Fixed odds betting terminals have been much in the news. Recently the Government, under pressure, has brought forward a new regulation which stipulates a maximum bet of £2 a ‘throw’. Currently the maximum bet is £100, and a focussed gambler can make a bet every 20 seconds. Many of them lose up to £1000 in a single session. A total of of about 1.8 billion pounds is lost every day. Betting houses take great care to encourage their regular customers, and work very hard to keep them going.
How stupid! – we may think. Surely even the simple minded must know that the odds are calculated to ensure that over time the profit goes to the provider, the dumb client is always the loser. Well – not always. You could walk into a betting shop, put in your £100, win £10,000, and walk out, clinking with money – and never return. And that of course is the bait.
Addiction carries with it a sense of internal obligation. Tobacco smoking is a common example. Yes, there is certainly a moment of pleasure puff by puff but there is likely to be a big price to be paid in the end.

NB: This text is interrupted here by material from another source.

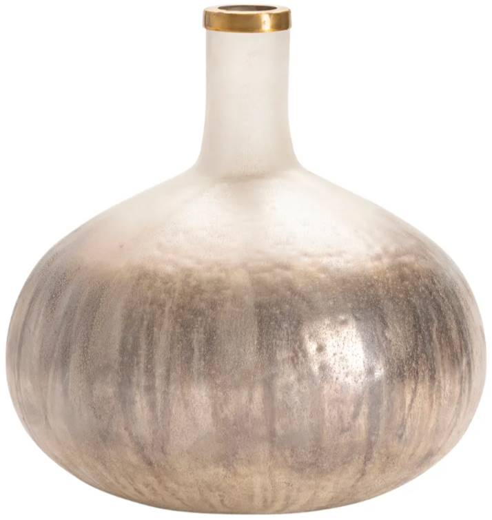 It is made from glass and has a golden glow from within the bulbous base, then changes to a frosted glass and culminates with a shining gold ring around the opening at the top. This vase will look beautiful in your transitional style home decor.Read More

And I should know: I smoked for many years, and by now I have had two heart operations.
We think of addiction as a mental phenomenon, forgetting that it is present in the brain. The brain conveniently helps us in our habits by creating the neural connections which save us from having to think. A familiar example is driving a car where many of our procedures, such as changing gear or checking the side mirror, require no conscious thought. Our brains do the thinking.
This can be even more serious if our habit changes our biological needs. The smoker actually needs tobacco more than the non-smoker, just as the non-sleeper can become dependent on their tablets, and begins to find that his dosage is increasing. But what interests me today is our potential addiction to our questionable social habits.
On the wireless the other day I heard a man describe how his mother continually plagued his father for his stupid absent mindedness. The father, as it happened, was a scientist of repute – and once considered for a Nobel Prize. My guess is that the mother could only breach the gap between their intellects by her criticisms. Her inferiority complex required, but never satisfied, the difference.
I, for instance, find in conversational discussion that I am strongly inclined to make sure that everyone knows how well read I am in the subject. It must be very annoying to all those who now feel at a disadvantage. I spend more time trying to save tuppence in the supermarket than I do at spending a thousand pounds. I remember well my wife’s expression of interest when listening, or in many cases not actually listening, to my latest ideas on the Universe.
And I am given to not really listening to other people, even though I know its importance. I am much too keen to prepare my stylish answer. I forget that a conversation should be an episode of mutual caring exchange not a tennis match.
I wonder whether our fierce discussions on this Blog about climate change are well thought out – with an open mind investigating the evidence. Or are they the product of a closed mind – to be protected at any cost. Much the same might be said of religious beliefs.
Those are just examples, but I suggest that we spend some time looking at our social habits, and particularly those which concern people close to us. Spouses, children, colleagues, friends? We might well be helped by asking such people to tell us about how it feels at the receiving end. We could learn a lot.